**PROBLEM DESCRIPTION**
Your task is to transcribe all of the records exactly and leave out the pictures.

Dataset excerpts:
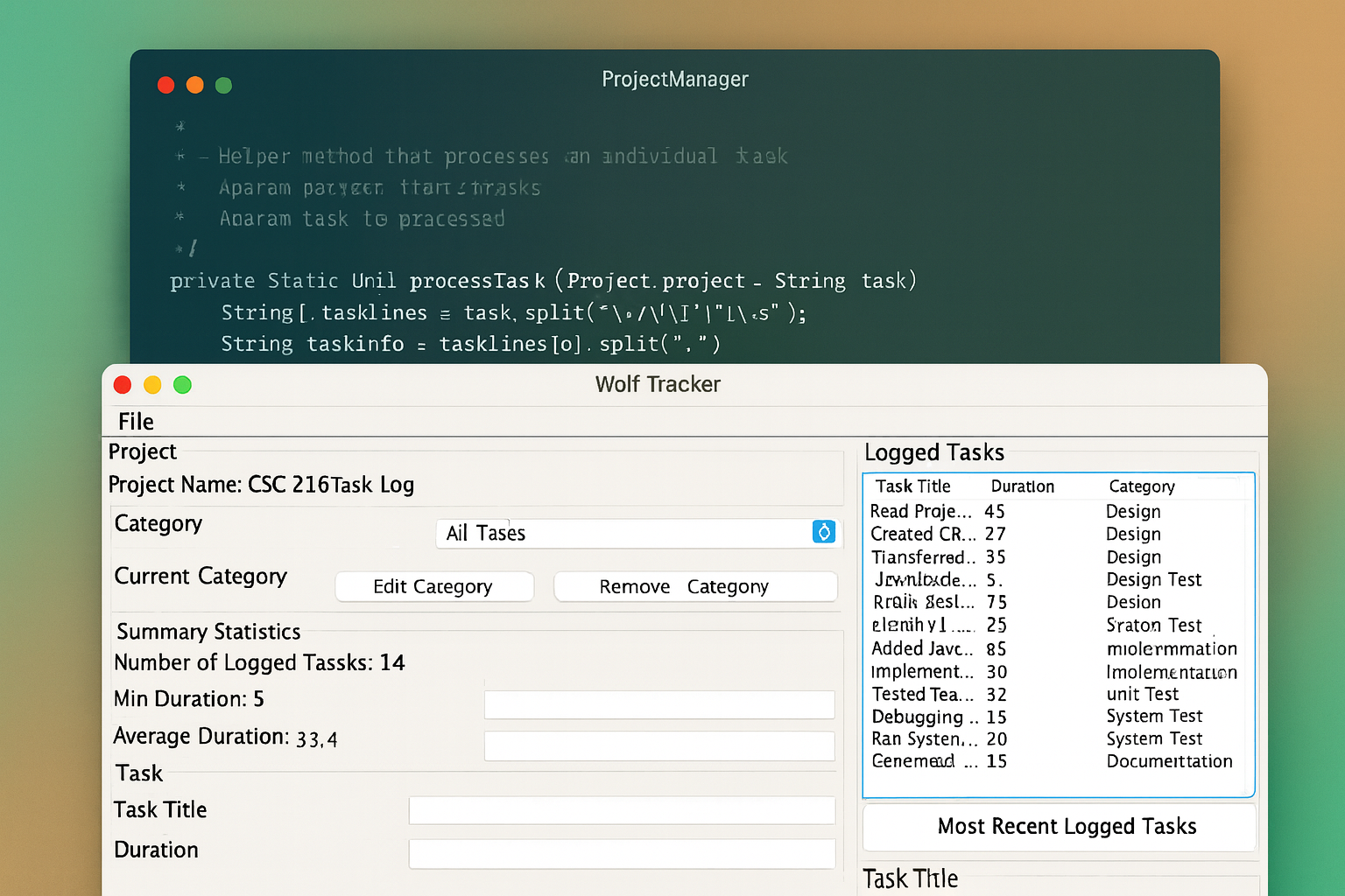Java desktop task logger organized by category. Manage categories, then add tasks with a title, duration, and description. A “Logged Tasks” table lists entries for editing/removal, and a Summary panel shows totals with min/max/average durations.
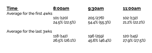Already the percentage of people attending at 9:30 has dropped from 55% to 46% and that drop improves our potential 81 adults and 23 children!
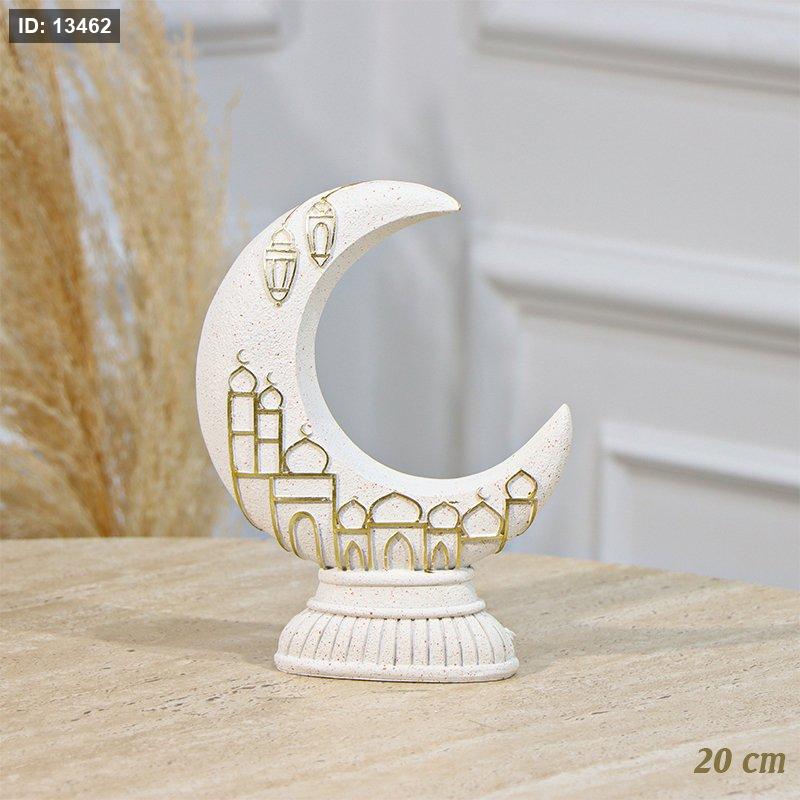 تحفة شكل هلال رمضان 20سم جبص بيج مرسم مسجد ذهبي EL94/4 =رم1 =رم2
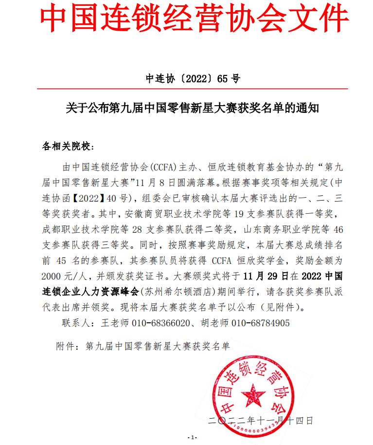 11月18日,由中国连锁经营协会(CCFA)主办的“第九届中国零售新星大赛”圆满落幕。经过激烈的角逐,来自我校连锁经营与管理专业的周海龙、丁静文两位同学,顶住压力,表现出色,荣获全国一等奖。
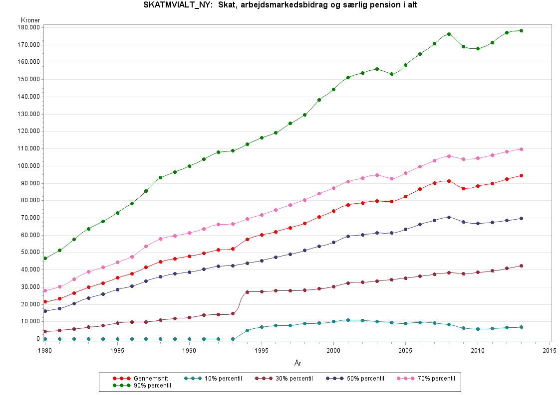 1994 inkluderes arbejdsmarkedsbidrag, og 1998-2003 indeholder variablen også særligt pensionsbidrag.
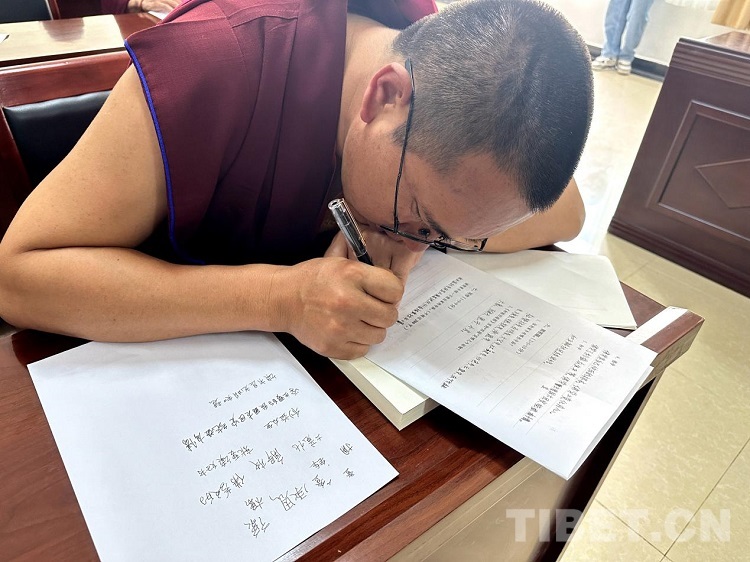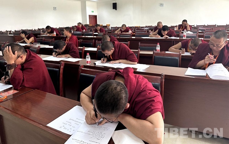 圖為中國藏語系高級佛學(xué)院2023年“拓然巴”高級學(xué)銜班招生考試(西藏)考點(diǎn)的筆試現(xiàn)場
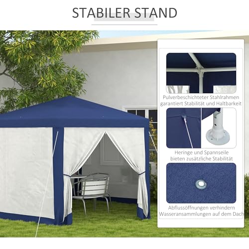Outsunny Pavillon 4x3m Sechseckig Wasserabweisend Stabil Winterfest Pavillon mit Moskitonetz Partyzelt Gartenzelt mit 6 Seitenteilen Gartenpavillon für Camping Garten, Blau

**WRITTEN ANSWER**
Java desktop task logger organized by category. Manage categories, then add tasks with a title, duration, and description. A “Logged Tasks” table lists entries for editing/removal, and a Summary panel shows totals with min/max/average durations.
Already the percentage of people attending at 9:30 has dropped from 55% to 46% and that drop improves our potential 81 adults and 23 children!
 تحفة شكل هلال رمضان 20سم جبص بيج مرسم مسجد ذهبي EL94/4 =رم1 =رم2
 11月18日,由中国连锁经营协会(CCFA)主办的“第九届中国零售新星大赛”圆满落幕。经过激烈的角逐,来自我校连锁经营与管理专业的周海龙、丁静文两位同学,顶住压力,表现出色,荣获全国一等奖。
 1994 inkluderes arbejdsmarkedsbidrag, og 1998-2003 indeholder variablen også særligt pensionsbidrag.
 圖為中國藏語系高級佛學(xué)院2023年“拓然巴”高級學(xué)銜班招生考試(西藏)考點(diǎn)的筆試現(xiàn)場
Outsunny Pavillon 4x3m Sechseckig Wasserabweisend Stabil Winterfest Pavillon mit Moskitonetz Partyzelt Gartenzelt mit 6 Seitenteilen Gartenpavillon für Camping Garten, Blau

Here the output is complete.